During our time in Hangzhou at Qingming Festival, we took a day trip to see Longjing tea, some of the best in China, being harvested in the nearby villages. At the Dragon Well (Longjing 龙井) itself, the Qianlong emperor praised its sweet tasting water. This revered tea is harvested right around the Qingming Festival, which usually falls on April 5. Qingming means Pure Brightness, the name for the Tomb Sweeping Festival and the two week agricultural mini-season in the Chinese calendar. The best grade of tea is picked in the days leading up to the holiday and is called Mingqian (明前), which means before the brightness. Tea leaves picked later will be priced lower and lack the subtlety of the first young leaves of the season.
We visited two farmsteads, one in Meijiawu village and the other in the Longjing village itself. The roads twisted through foothills, covered with knobby tea bushes and on this day swathed in a misty rain. The tea picking ladies (called 采茶女 cai cha nü) bobbed amongst the bushes in straw hats and plastic raincoats covering their traditional patterned uniforms. In Meijiawu, thanks to our private guide for the day, we were able to walk out into the fields, cross a stream by stepping stones, and pick a few Longjing leaves ourselves. Just the three brilliant leaves of each branch’s tips are picked. Inside, the husband and wife bosses showed us how the air dried tea is roasted, and gave us a taste of the latest vintage from two days prior. Green tea’s antioxidant effects are well known, and our guide tells us how Chinese women even use the tea water to beautify their skin and protect their face from the computer screen’s free radicals.

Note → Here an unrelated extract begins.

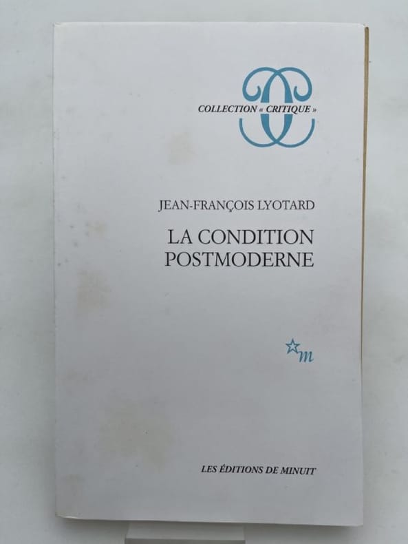 Lovely presentation-copy of a later issue of the groundbreaking work that introduced the term ""post-modernism"" and fundamentally altered the interpretation and course of (post-)modern philosophy. With this book, Lyotard set the agenda for the discussion of the postmodern, which began in the 1980'ies. Lyotard's main point is that modern society has become postmodern because man no longer believes that scientific and technological progress will lead to freedom, prosperity, and enlightenment for all. For postmodern man, doubt is the dominating factor. The term ""postmodernism"" was previously only used by art critics, but with ""The Postmodern Condition"", Lyotard introduced it in philosophy, with the following quotation: ""Simplifying to the extreme, I define postmodern as incredulity towards metanarratives"", altering our comprehension of this most recent period of philosophy. ""The term ""postmodern"" came into the philosophical lexicon with the publication of Jean-François Lyotard's ""La Condition Postmoderne"" in 1979 (English: ""The Postmodern Condition: A Report on Knowledge"", 1984), where he employs Wittgenstein's model of language games (see Wittgenstein 1953) and concepts taken from speech act theory to account for what he calls a transformation of the game rules for science, art, and literature since the end of the nineteenth century. He describes his text as a combination of two very different language games, that of the philosopher and that of the expert. Where the expert knows what he knows and what he doesn't know, the philosopher knows neither, but poses questions. In light of this ambiguity, Lyotard states that his portrayal of the state of knowledge ""makes no claims to being original or even true,"" and that his hypotheses ""should not be accorded predictive value in relation to reality, but strategic value in relation to the questions raised"" (Lyotard 1984, 7). The book, then, is as much an experiment in the combination of language games as it is an objective ""report.""On Lyotard's account, the computer age has transformed knowledge into information, that is, coded messages within a system of transmission and communication. Analysis of this knowledge calls for a pragmatics of communication insofar as the phrasing of messages, their transmission and reception, must follow rules in order to be accepted by those who judge them. However, as Lyotard points out, the position of judge or legislator is also a position within a language game, and this raises the question of legitimation. As he insists, ""there is a strict interlinkage between the kind of language called science and the kind called ethics and politics"" (Lyotard 1984, 8), and this interlinkage constitutes the cultural perspective of the West. Science is therefore tightly interwoven with government and administration, especially in the information age, where enormous amounts of capital and large installations are needed for research."" (SEP).

In Longjing we visited a farmstead half way up a hill cloistered in bamboo. Three generations of women do the majority of the work here. The most senior matron leads the charge herself, spreading out the tea leaves just brought up the hill by a young man in two bushel baskets, and laughing about how her daughters worry she works too much. We finish our tea on the porch and look out over potted green orchids and listen to the rustle of the bamboo. The afternoon fades to a pale green as the young spring leaves steep in the cup and our spirits are revived.